### Data to process
--
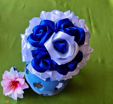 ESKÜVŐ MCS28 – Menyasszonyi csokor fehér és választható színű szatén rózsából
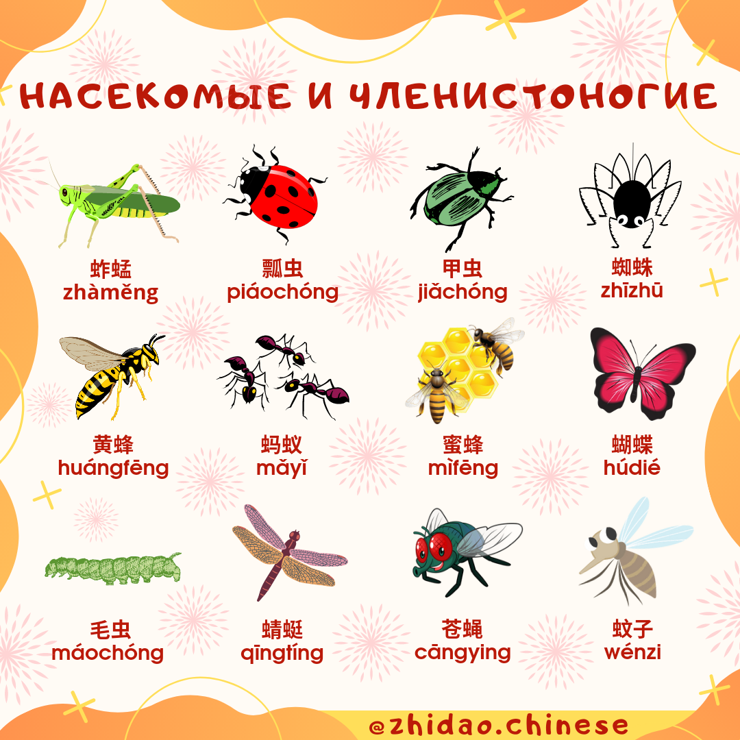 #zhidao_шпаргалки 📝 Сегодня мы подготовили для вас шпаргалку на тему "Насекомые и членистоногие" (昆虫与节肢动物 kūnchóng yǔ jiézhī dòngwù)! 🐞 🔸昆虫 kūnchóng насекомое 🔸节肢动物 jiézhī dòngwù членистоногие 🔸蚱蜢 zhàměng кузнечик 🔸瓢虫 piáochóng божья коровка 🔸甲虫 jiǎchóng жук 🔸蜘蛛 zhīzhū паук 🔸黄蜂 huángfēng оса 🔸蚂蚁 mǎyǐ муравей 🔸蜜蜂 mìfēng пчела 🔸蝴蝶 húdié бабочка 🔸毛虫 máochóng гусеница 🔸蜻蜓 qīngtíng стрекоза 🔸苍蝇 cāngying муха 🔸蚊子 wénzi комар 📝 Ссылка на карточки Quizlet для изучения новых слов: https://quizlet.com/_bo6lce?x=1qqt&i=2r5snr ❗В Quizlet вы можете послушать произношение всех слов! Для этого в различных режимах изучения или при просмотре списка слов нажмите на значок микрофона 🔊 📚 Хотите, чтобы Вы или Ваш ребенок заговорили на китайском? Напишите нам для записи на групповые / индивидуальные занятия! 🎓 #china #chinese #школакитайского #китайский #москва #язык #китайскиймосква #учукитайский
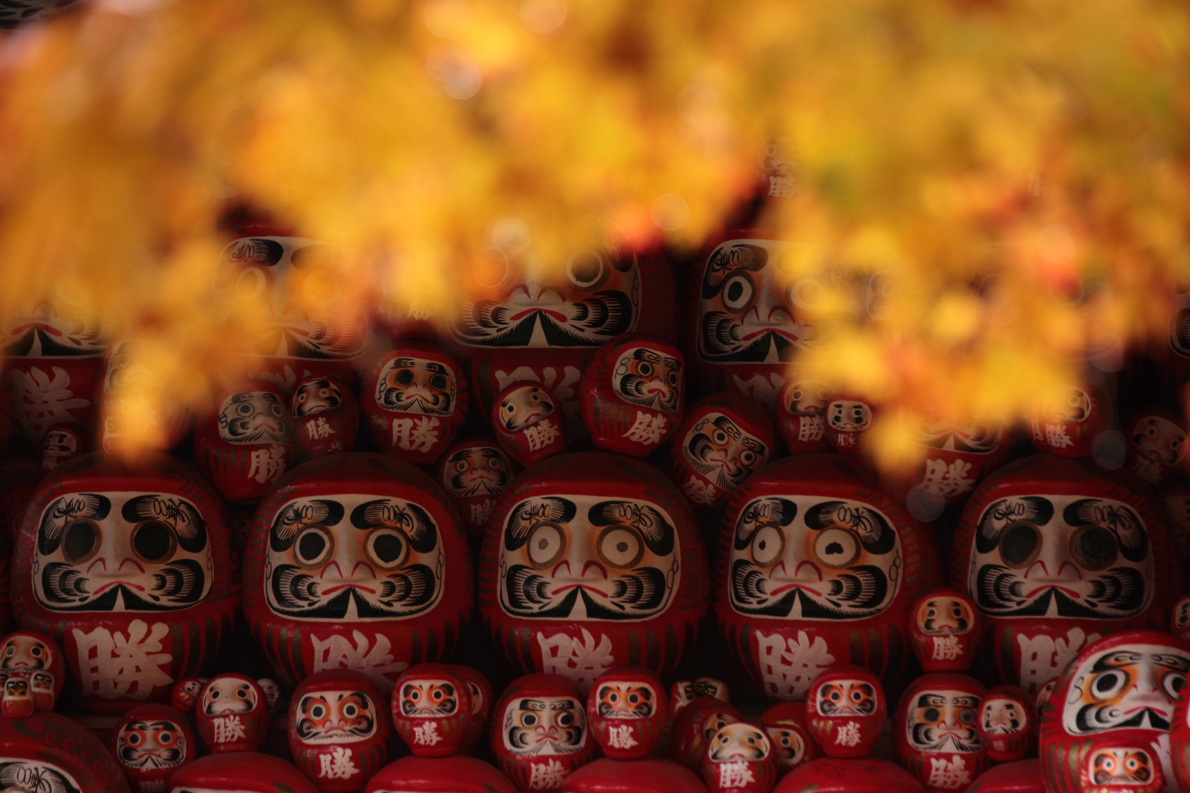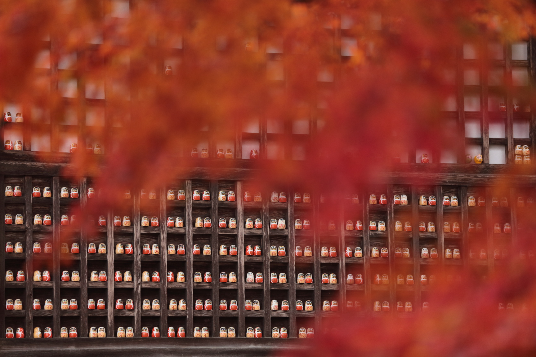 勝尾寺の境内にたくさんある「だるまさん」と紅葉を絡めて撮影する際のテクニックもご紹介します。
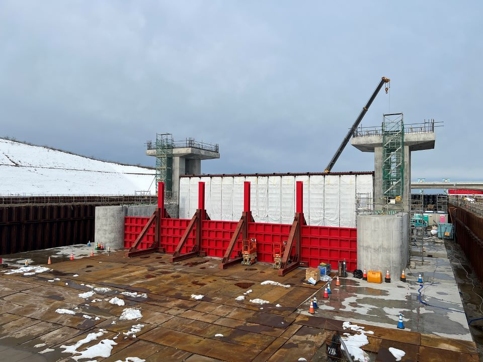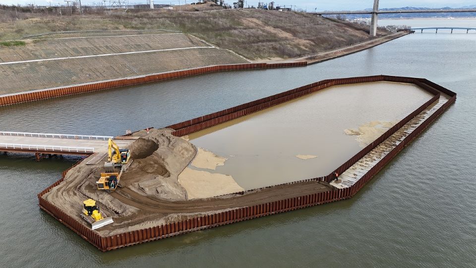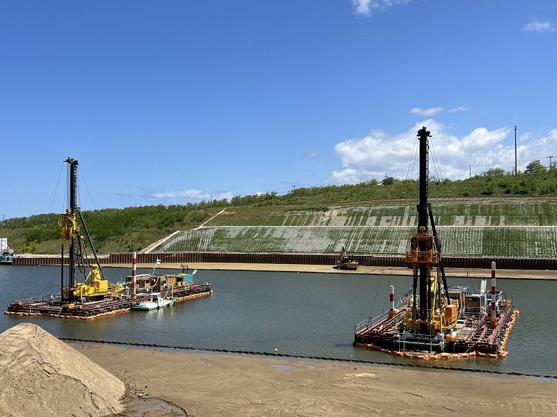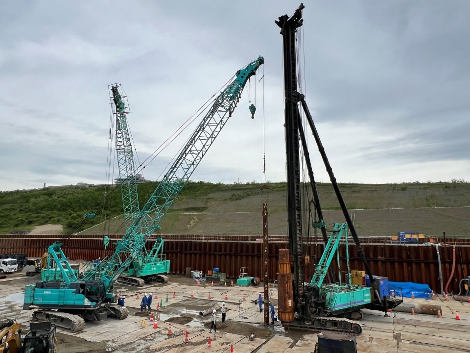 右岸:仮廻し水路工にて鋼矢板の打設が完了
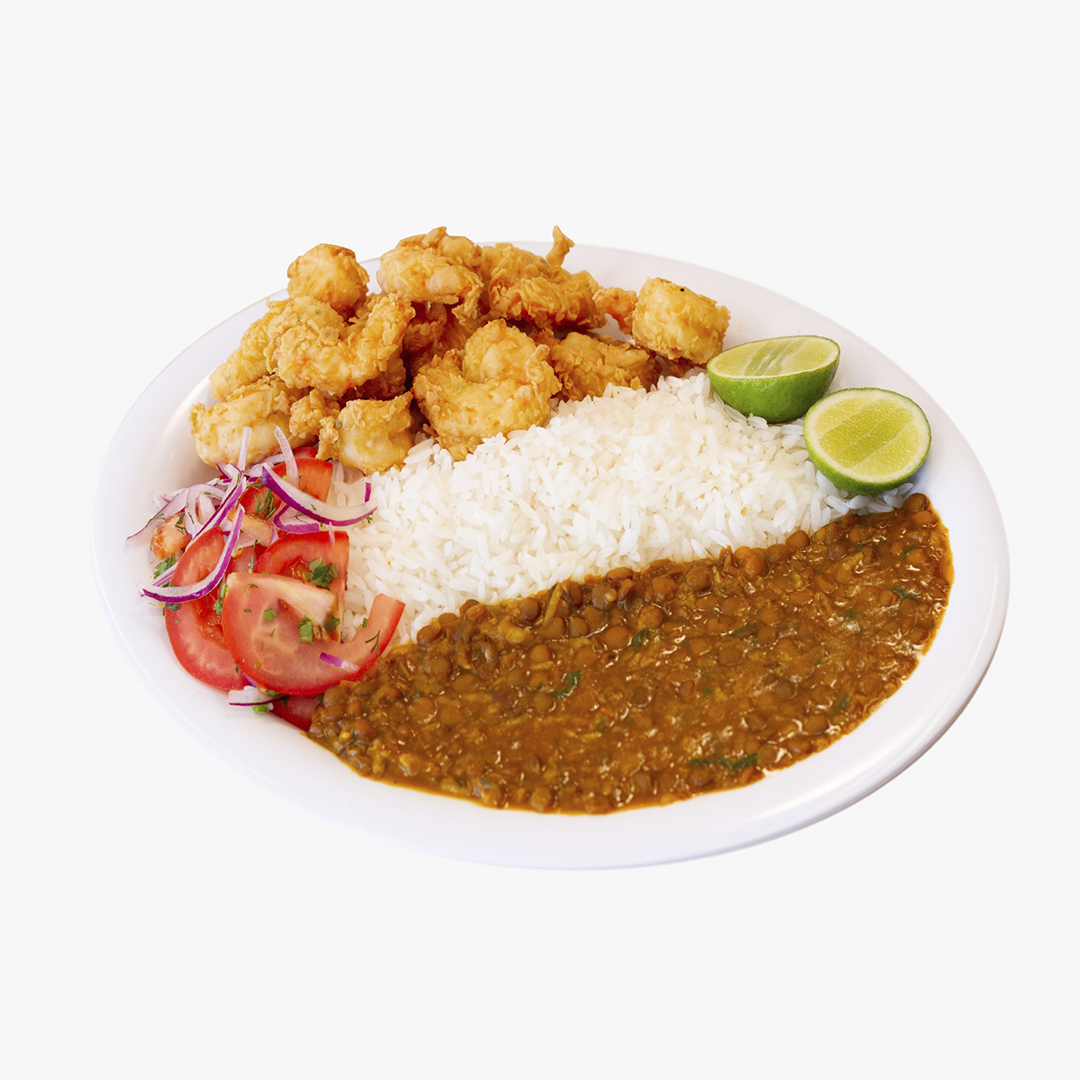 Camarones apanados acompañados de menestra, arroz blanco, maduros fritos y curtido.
--
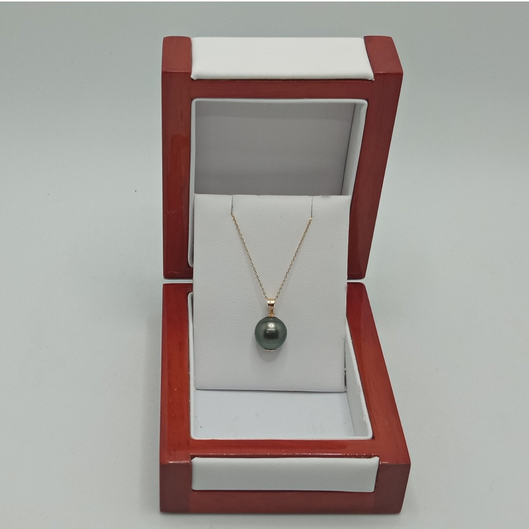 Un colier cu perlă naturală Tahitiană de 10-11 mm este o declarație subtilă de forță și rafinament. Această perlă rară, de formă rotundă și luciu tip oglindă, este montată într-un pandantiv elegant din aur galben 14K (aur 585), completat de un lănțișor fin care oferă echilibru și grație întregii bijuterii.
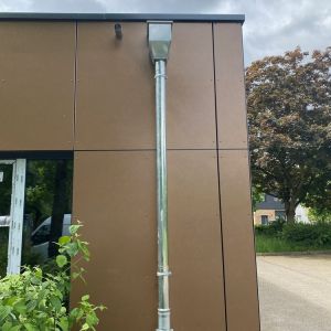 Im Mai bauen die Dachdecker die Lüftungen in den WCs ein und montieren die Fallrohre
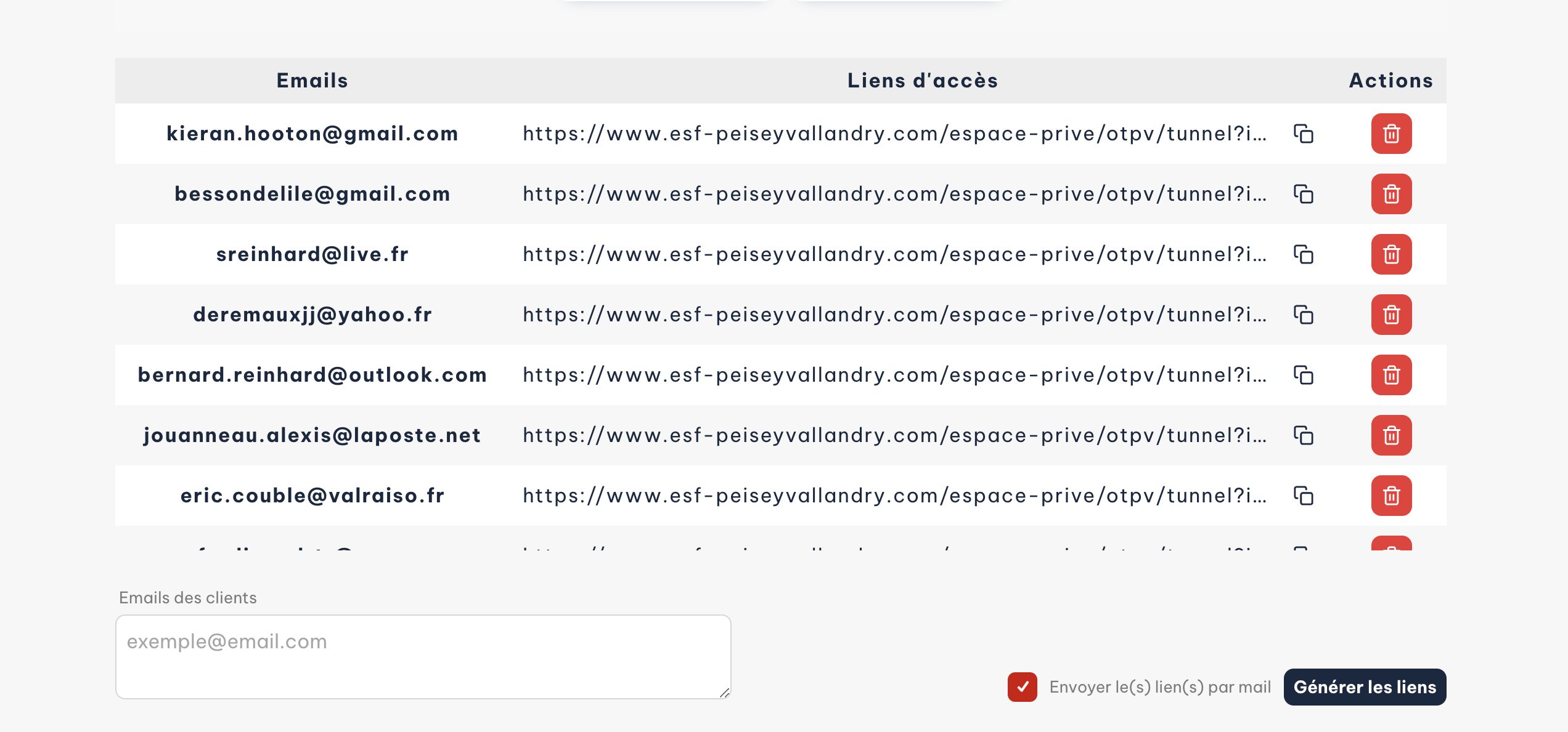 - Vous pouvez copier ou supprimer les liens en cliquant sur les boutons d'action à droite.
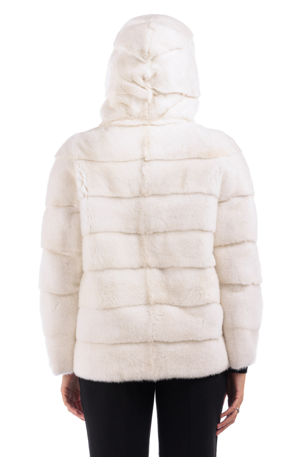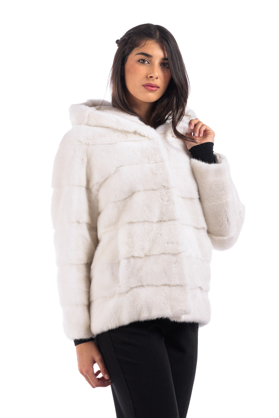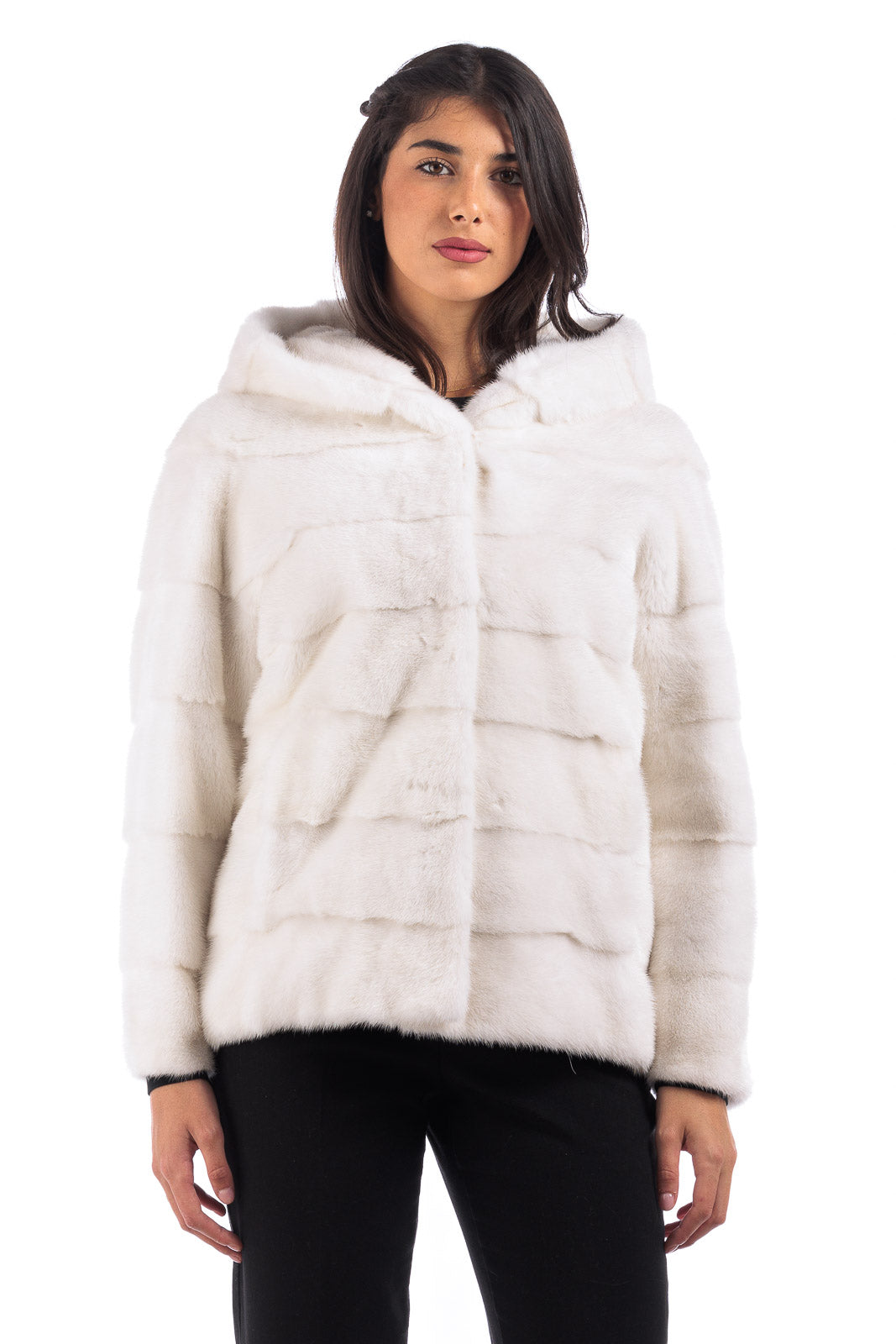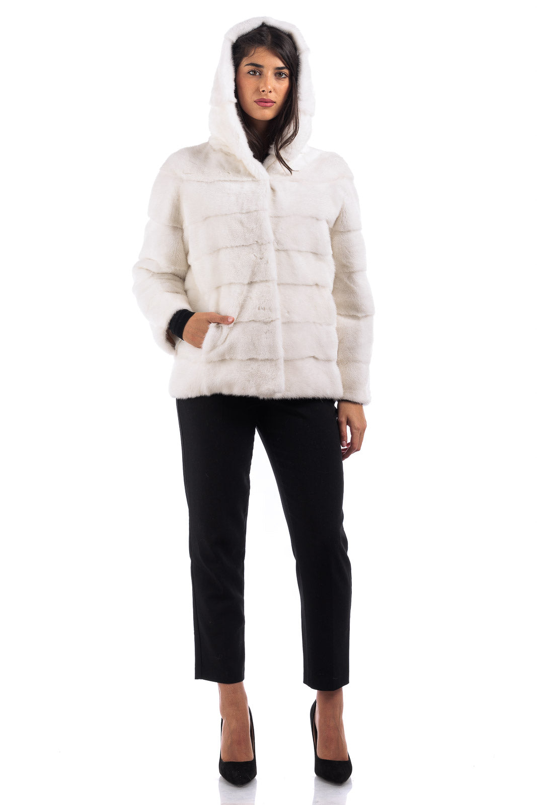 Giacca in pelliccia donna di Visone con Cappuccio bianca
--
### Exercise
Lines wanted from the entries above: the one with "ESKÜVŐ MCS28 –", the one with "Camarones apanados acompañados", and all lines between. Please copy them exactly, without the pictures and without anything else.

### Result of this exercise
 ESKÜVŐ MCS28 – Menyasszonyi csokor fehér és választható színű szatén rózsából
 #zhidao_шпаргалки 📝 Сегодня мы подготовили для вас шпаргалку на тему "Насекомые и членистоногие" (昆虫与节肢动物 kūnchóng yǔ jiézhī dòngwù)! 🐞 🔸昆虫 kūnchóng насекомое 🔸节肢动物 jiézhī dòngwù членистоногие 🔸蚱蜢 zhàměng кузнечик 🔸瓢虫 piáochóng божья коровка 🔸甲虫 jiǎchóng жук 🔸蜘蛛 zhīzhū паук 🔸黄蜂 huángfēng оса 🔸蚂蚁 mǎyǐ муравей 🔸蜜蜂 mìfēng пчела 🔸蝴蝶 húdié бабочка 🔸毛虫 máochóng гусеница 🔸蜻蜓 qīngtíng стрекоза 🔸苍蝇 cāngying муха 🔸蚊子 wénzi комар 📝 Ссылка на карточки Quizlet для изучения новых слов: https://quizlet.com/_bo6lce?x=1qqt&i=2r5snr ❗В Quizlet вы можете послушать произношение всех слов! Для этого в различных режимах изучения или при просмотре списка слов нажмите на значок микрофона 🔊 📚 Хотите, чтобы Вы или Ваш ребенок заговорили на китайском? Напишите нам для записи на групповые / индивидуальные занятия! 🎓 #china #chinese #школакитайского #китайский #москва #язык #китайскиймосква #учукитайский
 勝尾寺の境内にたくさんある「だるまさん」と紅葉を絡めて撮影する際のテクニックもご紹介します。
 右岸:仮廻し水路工にて鋼矢板の打設が完了
 Camarones apanados acompañados de menestra, arroz blanco, maduros fritos y curtido.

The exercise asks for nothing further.